I'm targeting the full plate so I can do some fun data stuffs. Each blue plate is about 1gb while each red is 325mb.
Thanks for explaining. I am similarly hoping for the full plate. I am an actuary/data scientist so I would love to recreate their analysis first using their questionable methodology, and then do it again but with a methodology I would consider "correct". I'll need the full plates as well.
 
Sorry just saw this thread. @beku-mant does your code successfully get the data that @boguesuser is trying to get in post #1?

If so, can you upload the data somewhere convenient?

I was able to get fits images for the 5399 sources listed in the link below. I only extracted small images of the sources, and in total its only about 150 MB, but contains all of the info needed to check if they are in Earth's shadow.
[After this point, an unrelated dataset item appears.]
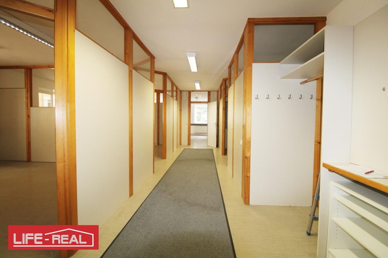 Das Büro erstreckt sich über insgesamt sieben gut aufgeteilte Räume und wird durch einen großzügigen Flur verbunden, der sich ideal als Empfangs- oder Wartebereich eignet. Der Eingangsbereich verfügt über zwei separate Toiletten, die bei Bedarf vom Eigentümer saniert werden können. Ein zusätzlicher Küchenraum mit Einbauküche steht ebenfalls zur Verfügung und kann ohne Ablöse genutzt werden.

And some extracted fields are in the csv file.

http://svocats.cab.inta-csic.es/vanish-possi/index.php?action=search

Although I am a little concerned about making a mistake. So don't take the data as correct without further validation.
 

Attachments

Thanks for explaining. I am similarly hoping for the full plate. I am an actuary/data scientist so I would love to recreate their analysis first using their questionable methodology, and then do it again but with a methodology I would consider "correct". I'll need the full plates as well.
This is the most complete plate database I've found online.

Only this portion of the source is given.